Two or Three Years Later: Forty-Nine Digressions by Ror Wolf
Jennifer Marquart, tr. Rochester, New York. Open Letter. 2013. ISBN 9781934824702
Open Letter Books takes chances with German writers, and for this we should be thankful. Last September, it released Benjamin Stein’s intertwining dual-narrative The Canvas, a reading experience that literally requires turning the book around and upside down. This year, the publishers continue the experimentation with Two or Three Years Later: Forty-Nine Digressions, a surrealist collection from Ror Wolf.
Among his vocations, Wolf is a collagist and poet; the two crafts inform this spare assemblage perfectly. Thick with mystery, Two or Three Years Later is divided into two parts: the first half consists of forty-eight vignettes no longer than a few pages, some as short as a single paragraph. These sketches are ambiguous, comical, and often grotesque peeks at the lives of amorphous German men. Death occurs often. The second half—the forty-ninth digression—is a twelve-part chronicle of the narrator’s dreamlike journey around the world.
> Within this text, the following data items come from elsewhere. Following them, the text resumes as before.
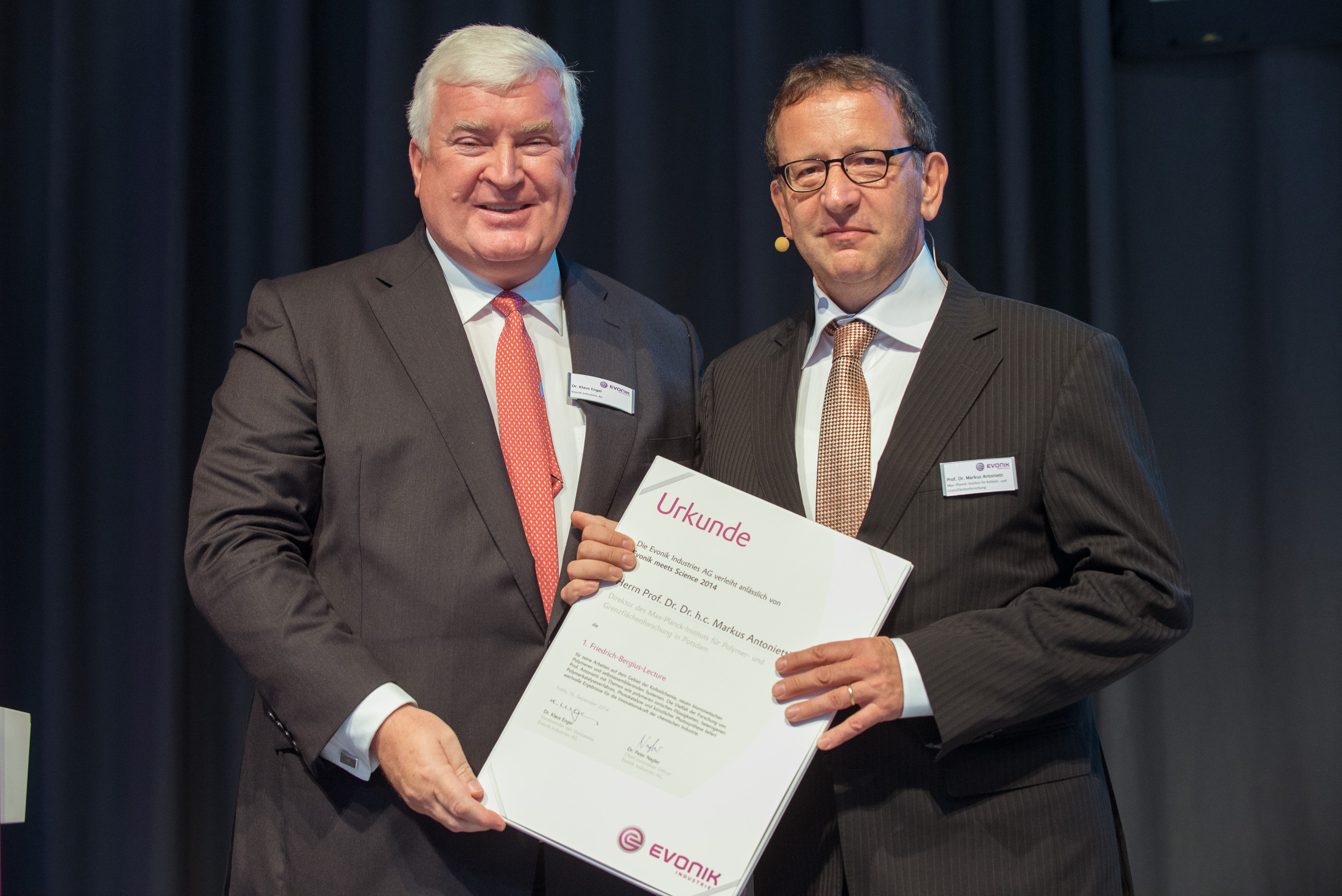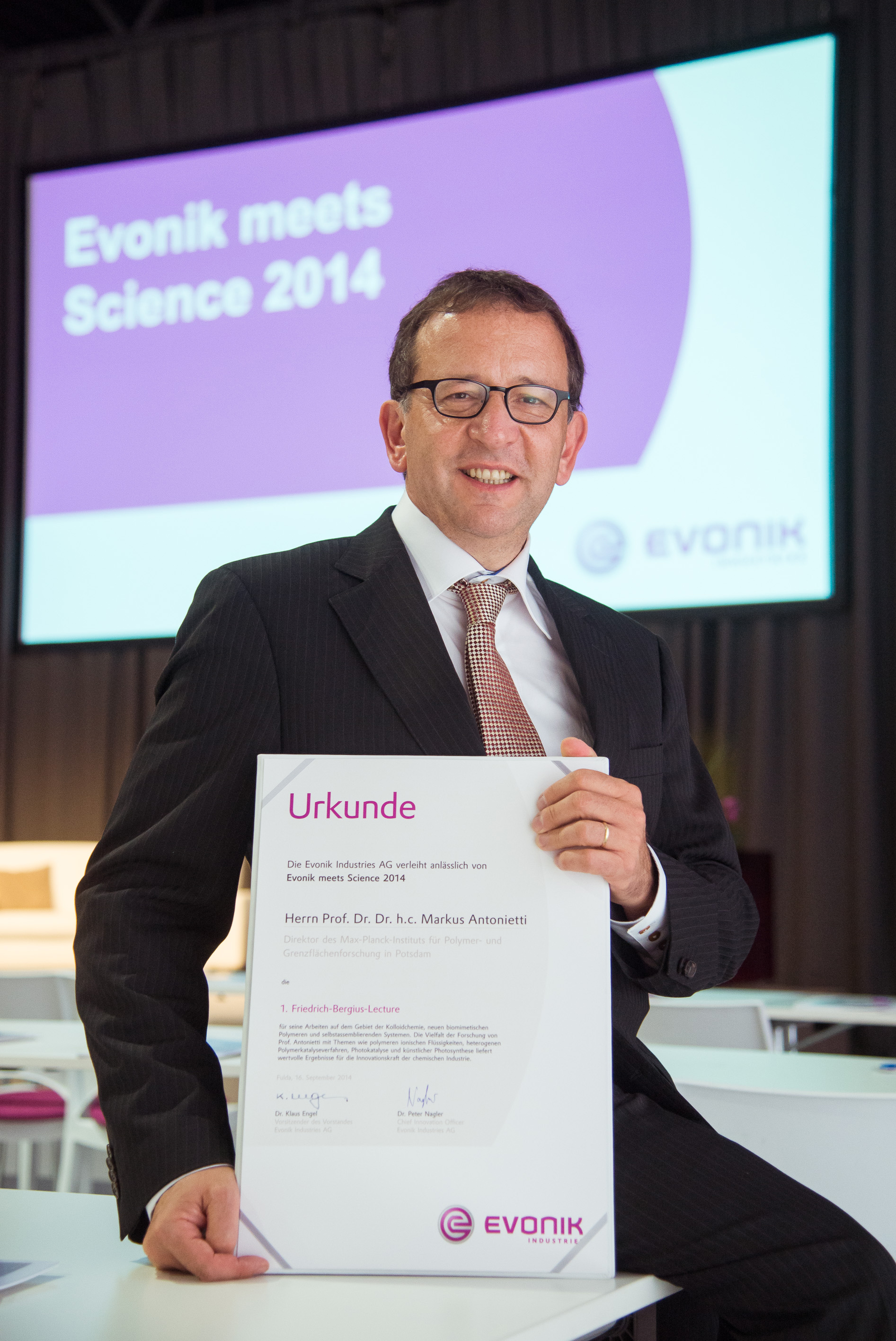 Evonik Industries, one of the leading global specialty chemicals companies, has announced its first-ever Friedrich Bergius Lecture award. For 2014 it went to Professor Dr. Markus Antonietti, the director at the Max Planck Institute of Colloids and Interfaces in Potsdam (Germany). With the lecture, Evonik gives outstanding scientists the opportunity to speak on scientifically relevant issues. In his speech, Antonietti gave an overview of his research on colloid and interface chemicals to some two hundred scientists from well-known German universities as well as Evonik researchers.
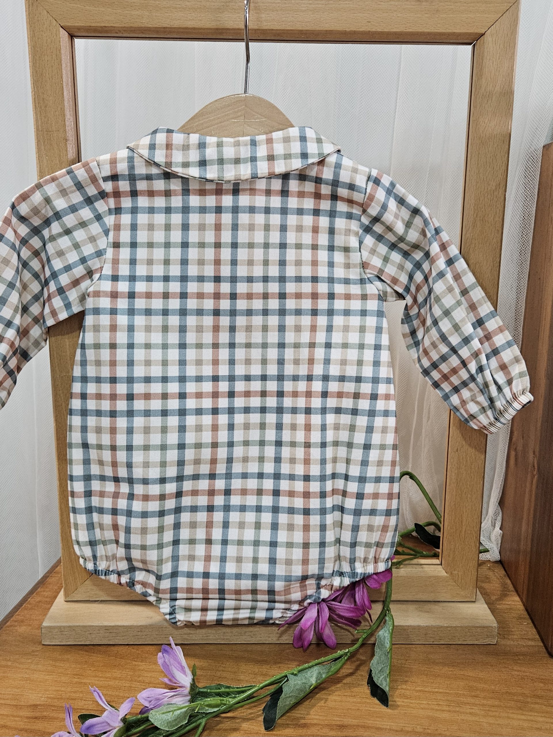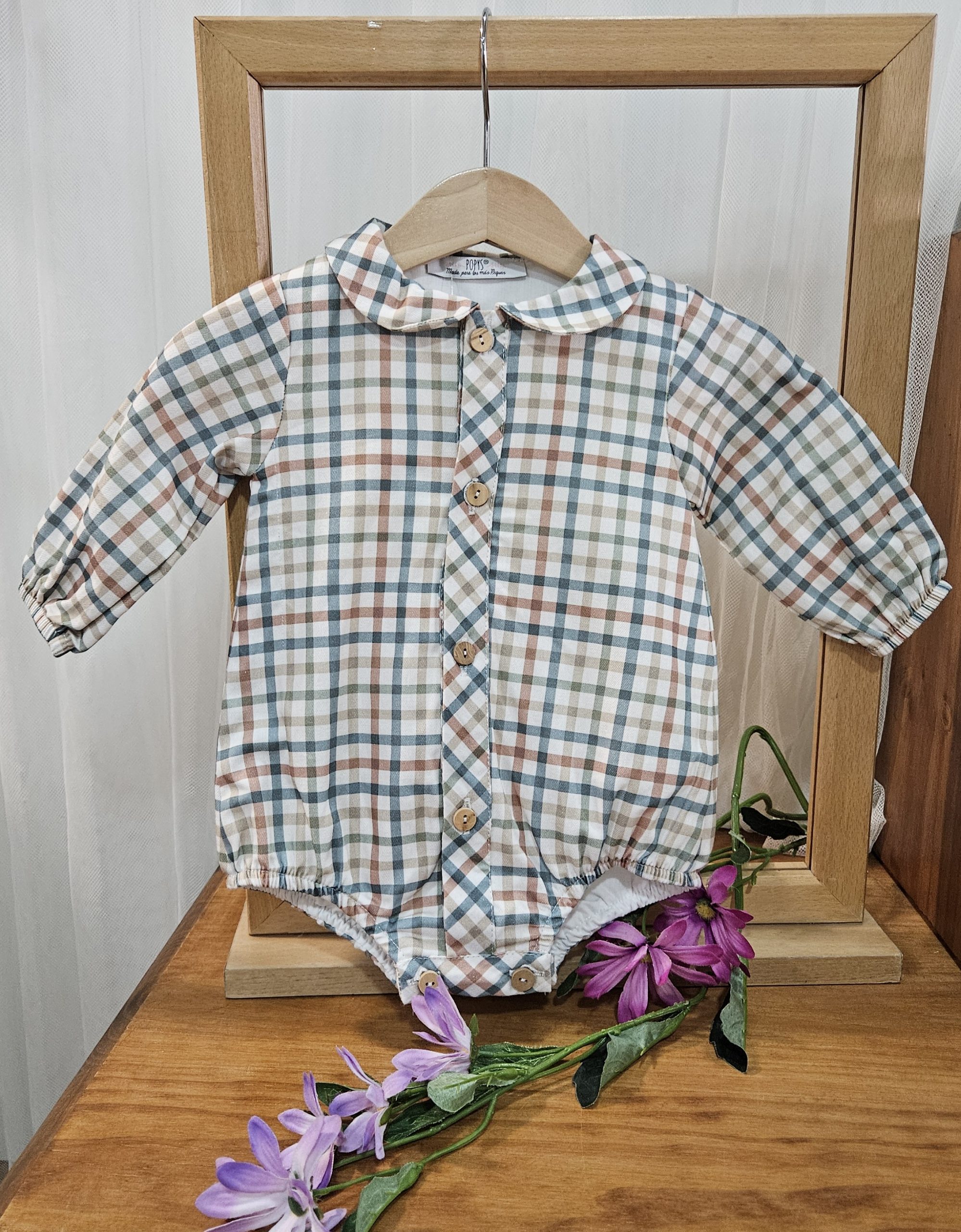 Pelele unisex bebé ,  estampado cuadros tonos verdes, camel.  Cuello bebé abertura con botones en parte delantera.
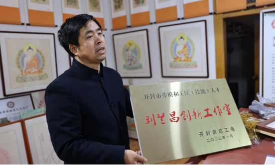 創新思維,實現非遺傳承與發展的具體體現。近年來,尉氏縣先后成立了翟氏嗩吶和云成號木版佛畫傳習基地,鼓勵、引導項目傳承人組織開展形式多樣的非遺傳習活動,有意培養“活態傳承人”。翟氏嗩吶培養學員600余人次,云成號木版佛畫傳習基地先后培訓學員15000多人次。2021年,又建立了云成號木版佛畫展示館,先后接待參觀學生、群眾、專家學者3000多人次。2022年9月,云成號木版佛畫傳習基地被河南省人力資源和社會保障廳、河南省教育廳、河南省財政廳聯合命名為“劉蘭昌木版年畫制作河南省省級技能大師工作室”。2022年12月,云成號木版佛畫傳習基地被開封市總工會命名為“劉蘭昌勞模工匠創新工作室”。
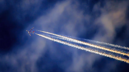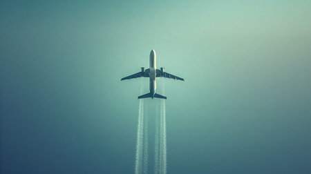 A majestic airplane soaring high in a clear sky, leaving a trail of condensation, symbolizing travel and freedom.
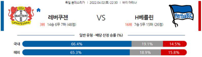 헤르타베를린의 수비능력을 고려하면 공격진 누수에도 불구하고 레버쿠젠의 손을 들어주는 것이 옳다. 다만 공격진 누수로 인해 최근 화력이 저하된 모습을 보이고 있음을 고려하면 대량 득점은 어려울 가능성이 있다. 핸디(-1.0) 승까지는 노려볼 만 하나, 스코어 선택은 신중을 기해야 한다.

Wolf’s book is fast, sometimes outrageous, and always surreal. The short stories in the first half don’t track smoothly, but rather sputter along. The tales cough, stop, reverse, and start again. The style is refreshingly unique but can be wearisome. There are no solid characters or narratives onto which we can grab.
A typical story begins with a diversion and then mixes in a series of distractions and sleight of hand before ending with a tease. “At the Barbershop,” for example, begins with a man committing a murder, “but that’s not the story I wanted to tell,” the narrator says with a sidestep. Other incidents are then recalled before the report ends abruptly: “However, such events are extremely rare, so it’s not entirely necessary to go too far into the details.” (This review is three times longer than “At the Barbershop.”)
Throughout Two or Three Years Later, one has the feeling that Wolf is merely a casual eyewitness reporting on-the-ground events, as in the case with “An Instance of Deep Contentment”: “On Tuesday night, a stranger opened the front door of the Kolb Pub in Worms, stepped up to the bar, ordered a beer and downed it in a single swig, then closed his eyes and gave off an overall impression of deep contentment.” This vignette is not only complete, it is chaste. Much of Wolf’s work is surreal, monstrous, and startling. A character in another tale toys with “the idea of shooting a bullet into his body, through his urethra,” to give one lucid example.
My mind tended to wander, until I reached the dreamlike “49th Digression: Twelve Chapters from an Exposed Life.” Here, at last, we follow a singular character through his nightmarish global travels. The closing chapters are more linear and descriptive but remain completely mad. The entire journey through one part of Africa “was like a creeping fever, a mucous congestion, and after all this creeping I was nothing more than the slimy discharge of my own head,” recalls the storyteller.
Grasping for deeper meaning, I assigned various metaphors to the narrator, for instance Time and Death. In doing so, the forty-ninth digression transforms from absurdity to profundity.
Throughout Two or Three Years Later, the author skips across scenes and events like a stone across calm but dark waters. I yearned for Wolf to pause occasionally, to throw me further into his deeply disturbing rabbit hole. As one story concludes, “But there was something more I wanted to say. If only I knew what.”